72 hours should be left between training the same muscle however lower the exercise number .

for example monday you hit biceps with 2 exercises 3 sets of 8 then thursday you hit biceps again with 2 exercises 3 sets of 8 same for any other body part however bigger parts need more volume .


----------



## C.Hill (Nov 21, 2010)

flinty90 said:


> ???????? im serious


I'm going to have to politely disagree with you lol

I'm training biceps twice a week to help bring them up as I neglected them for first few years of training(opposite to everyone else lol), and it's working a treat

All my compounds are improving too! Train like a beast mate lol


----------



## MRSTRONG (Apr 18, 2009)

C.Hill said:


> I'm going to have to politely disagree with you lol
> 
> I'm training biceps twice a week to help bring them up as I neglected them for first few years of training(opposite to everyone else lol), and it's working a treat
> 
> All my compounds are improving too! Train like a beast mate lol


ive started training biceps too twice a week i thought training biceps was for vain girle men .


----------



## flinty90 (Jul 1, 2010)

C.Hill said:


> I'm going to have to politely disagree with you lol
> 
> I'm training biceps twice a week to help bring them up as I neglected them for first few years of training(opposite to everyone else lol), and it's working a treat
> 
> All my compounds are improving too! Train like a beast mate lol


well i wont argue with progress mate, but i would say that your lucky and i still think (majority) of people wouldnt be able to EFFECTIVELY train biceps twice per week and still make progress on other lifts !!!

well done if you achieved that mate . how big are your biceps hill ??

and are you using gear at that aswell ???


----------



## C.Hill (Nov 21, 2010)

ewen said:


> ive started training biceps too twice a week i thought training biceps was for vain girle men .


Same mate, used to take the **** out of my mate doing loads of curls whilst I stuck to my compounds, 3 years later his arms are a bit bigger but I deadlift 230kg and he deadlifts 150kg


----------



## BillC (Jun 11, 2009)

ewen said:


> 72 hours should be left between training the same muscle however lower the exercise number .
> 
> for example monday you hit biceps with 2 exercises 3 sets of 8 then thursday you hit biceps again with 2 exercises 3 sets of 8 same for any other body part however bigger parts need more volume .


This is bang on. It also depends on how much weight you are lifting too.

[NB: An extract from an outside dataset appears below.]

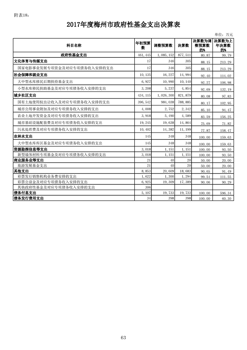 梅州市人民政府門(mén)戶網(wǎng)站 梅州市財(cái)政局 2017年度 附表18:2017年梅州市基金支出決算表

You need really to be beyond beginner to really justify a four day split per week where you only train each bodypart once per week. Had a few months off following surgery to knees and elbow and I am currently doing a 3 day split to hit everything twice a week. 72 hours is all thats needed maximum. Once weights are back up, I'll then drop down to a four day split with more time off to recover. 3 exercises per bodypart atm until I plataeu.


----------



## C.Hill (Nov 21, 2010)

flinty90 said:


> well i wont argue with progress mate, but i would say that your lucky and i still think (majority) of people wouldnt be able to EFFECTIVELY train biceps twice per week and still make progress on other lifts !!!
> 
> well done if you achieved that mate . how big are your biceps hill ??
> 
> and are you using gear at that aswell ???


Yes mate I'm cruising on 250mg sus ew at the moment.

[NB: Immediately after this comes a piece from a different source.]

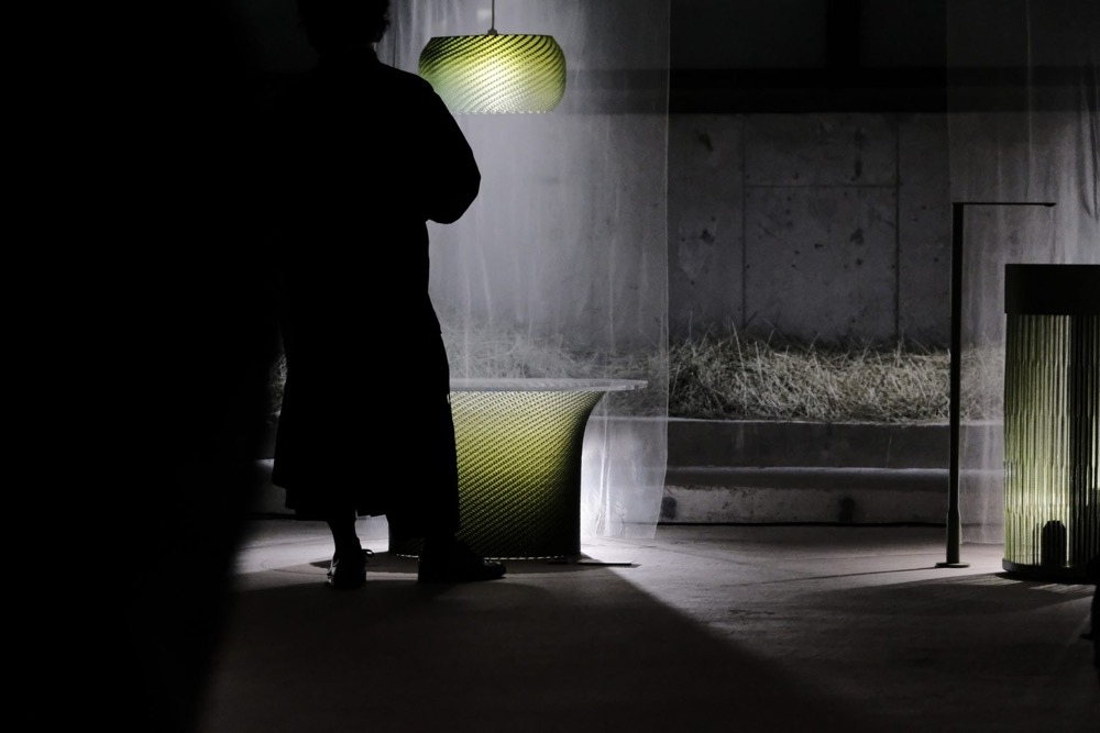 这些家具不仅环保,还融入了日本传统工艺技术的元素,如编织、格子或针织效果。产品包括灯罩、照明装置、桌子、凳子等,色彩多样,半透明特性使其独具质感。

I only do concentration curls 4x12-8 pyramiding up and cable preacher curls 2x15.

Swap these next session for barbell curls 4x8 and hammer curls 2x12.

Nothing major.

16.5" arms


----------



## flinty90 (Jul 1, 2010)

C.Hill said:


> Yes mate I'm cruising on 250mg sus ew at the moment.
> 
> I only do concentration curls 4x12-8 pyramiding up and cable preacher curls 2x15.
> 
> ...


ok


----------



## Breda (May 2, 2011)

C.Hill:2562329 said:


> Yes mate I'm cruising on 250mg sus ew at the moment.
> 
> I only do concentration curls 4x12-8 pyramiding up and cable preacher curls 2x15.
> 
> ...


Why the sad face you ungreatful cnut 

Nothing wrong with 16.5" gunnage... I feel your pain man don't worry they ain't major but they ain't bad either


----------



## C.Hill (Nov 21, 2010)

Breda said:


> Why the sad face you ungreatful cnut
> 
> Nothing wrong with 16.5" gunnage... I feel your pain man don't worry they ain't major but they ain't bad either


Haha true, need to bring my legs up too but found training them twice a week was counterproductive


----------



## Breda (May 2, 2011)

C.Hill:2562380 said:


> Haha true, need to bring my legs up too but found training them twice a week was counterproductive


Me too, I trained legs twice a week for a while and it was ok but it fcuked me up, too much effort so I sacked it off but I will throw an xtra leg session in every couple of weeks


----------



## deeconfrost (Dec 15, 2010)

say i did a good back n bi sess mon.and im in the gym again fri...my bis are feelin fresh to go again.sometimes isolate them again with whatever else im doin in the gym at that time.


----------



## flinty90 (Jul 1, 2010)

I dont mean to sound like a cnut , but would you say 16.5 inch biceps were a good result enough to prove that method is working well ???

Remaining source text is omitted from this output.